Estudo Revela: Ioga de Alta Intensidade É a Melhor para Melhorar o Sono

Uma recente meta-análise abrangendo dezenas de estudos sugere que a prática de ioga de alta intensidade pode ser a forma mais eficaz de exercício para melhorar a qualidade do sono a longo prazo. Esta descoberta, publicada em 2025, oferece uma nova perspectiva sobre as intervenções para distúrbios do sono, destacando o potencial de uma prática milenar adaptada às necessidades contemporâneas.
A Ioga de Alta Intensidade: A Abordagem Mais Eficaz para Melhorar o Sono
Conduzida por pesquisadores da Harbin Sport University, na China, uma abrangente meta-análise examinou 30 ensaios controlados randomizados para determinar qual modalidade de exercício oferece os maiores benefícios para o sono. O estudo, que incluiu mais de 2.500 participantes com distúrbios do sono de diversas faixas etárias e provenientes de mais de uma dezena de países, revelou que a ioga regular e de alta intensidade se associa mais fortemente à melhoria do sono. Essa associação superou significativamente a observada com caminhada, treinamento de resistência, exercícios combinados, exercícios aeróbicos e práticas tradicionais chinesas, como qi gong e tai chi.
Detalhes da Prescrição de Ioga para Resultados Ótimos
Ao analisar os dados, os cientistas identificaram uma prescrição de ioga de alta intensidade que se destacou como o “antídoto” mais eficaz contra o sono de má qualidade. Esta prescrição ideal envolve sessões de menos de 30 minutos, realizadas duas vezes por semana, e mostrou resultados positivos em um período de apenas oito a dez semanas. Em termos de eficácia geral para o sono, a caminhada foi classificada como a segunda melhor forma de atividade física, seguida pelos exercícios de resistência. Esta especificação detalhada sublinha a importância da intensidade e frequência para maximizar os benefícios do ioga para a saúde do sono.
Como a Ioga Atua para Promover um Sono Reparador
Embora a meta-análise mais recente não aponte os mecanismos exatos pelos quais a ioga beneficia o sono, diversas possibilidades são consideradas. A prática pode elevar a frequência cardíaca e fortalecer os músculos, além de regular a respiração. Pesquisas indicam que o controle respiratório é capaz de ativar o sistema nervoso parassimpático, crucial para o estado de ‘repouso e digestão’. Além disso, alguns estudos sugerem que a ioga pode influenciar os padrões de atividade das ondas cerebrais, o que potencialmente promove um sono mais profundo. É importante notar que a ioga pode ser difícil de categorizar como exercício aeróbico ou anaeróbico, e sua intensidade varia conforme a técnica, o que pode explicar a inconsistência de resultados em diferentes ensaios, como uma meta-análise de 2023 que favoreceu o exercício aeróbico ou de intensidade média. Contudo, essa revisão anterior também indicou que o ioga apresentava efeitos mais significativos no sono do que outros tipos de exercício.

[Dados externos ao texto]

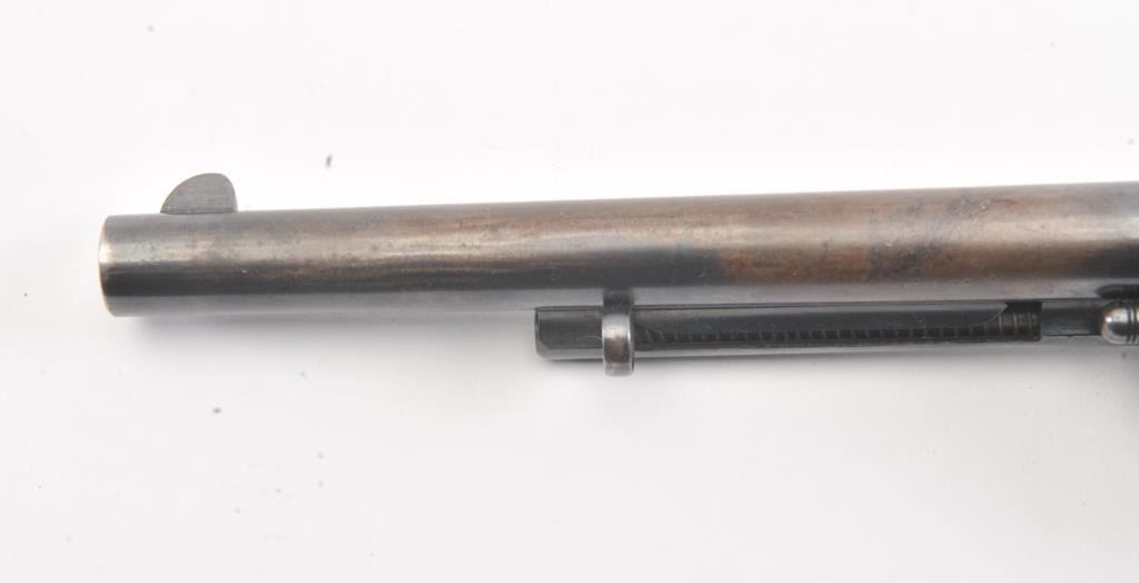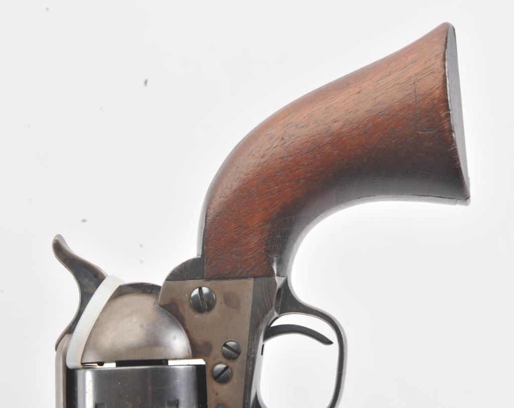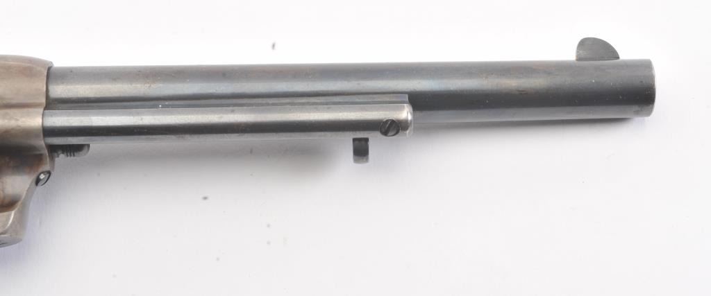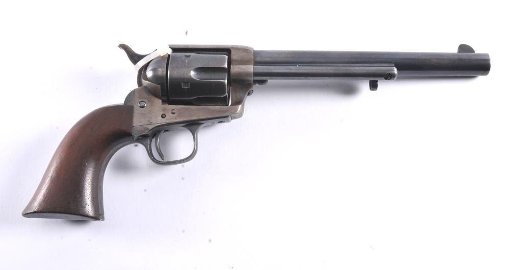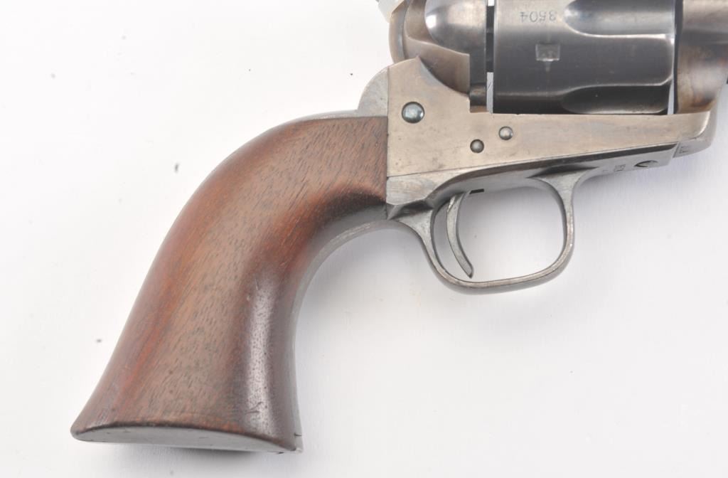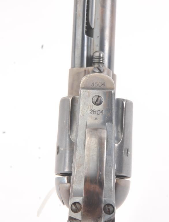 Colt Single Action Army Revolver Cavalry Series showing U.S. marking and Ainsworth inspections in .45 Colt caliber with a 7 ½” barrel, S/N 3504. Kopec letter states “Date of manufacture is 1874 and likely 4th Cavalry issued at Fort Kerville, Fort McKavett, Fort Clark, Fort Felipe, Fort Concho and also the troops “In the field” during the era of Kawana Parker and Indian Wars”. Kopec also states this revolver was issued early enoughfor use Sept. 26-28th 1874 on the Red River near Palo Duro Canyon, Texas and other subsequent skirmishes throughout Texas. Also that the ejector tube is numbered and matching. Kopec further lists the following;“Subject revolver remains in unfired condition” 1. Hammer A. Hammer modified “Sharp Edges” B. Marring of the surface areasC. Firing pin changed 2. Grips replaced A. Appear undersized B. Cartouchea facsimilie C. Butt stamp not correct

O Contexto Científico e a Necessidade de Pesquisas Futuras
Apesar dos resultados promissores, os pesquisadores da Harbin Sport University enfatizam que “cautela deve ser exercida ao interpretar os resultados de estudos sobre distúrbios do sono”, especialmente devido ao número limitado de estudos incluídos e às características específicas da população com tais distúrbios. O campo ainda carece de pesquisas que comparem exercícios específicos e seus efeitos a longo prazo de forma robusta. Eles ressaltam a necessidade de mais investigações de alta qualidade para confirmar plenamente essas descobertas, reconhecendo que não existe uma solução única e universal para insônia ou outras perturbações do sono, dado que cada indivíduo é único. Em um contexto mais amplo, outro estudo publicado em 2025 também revelou que o tai chi pode ser tão eficaz para melhorar o sono quanto a terapia cognitivo-comportamental para insônia (TCC-I), com o grupo de tai chi alcançando melhorias comparáveis ao TCC-I em um acompanhamento de 15 meses, mesmo que inicialmente tivessem menos redução nos sintomas.
Em resumo, a análise aprofundada de 30 estudos corrobora a conclusão dos pesquisadores de que uma prescrição de ioga de alta intensidade – praticada duas vezes por semana, em sessões de até 30 minutos, por um período de oito a dez semanas – representa a abordagem mais eficaz para melhorar a qualidade do sono em indivíduos que enfrentam distúrbios. Embora sejam necessárias mais pesquisas para solidificar e aprofundar esses conhecimentos, os achados atuais oferecem uma direção clara e promissora para aqueles que buscam uma solução baseada em exercícios para suas dificuldades de sono.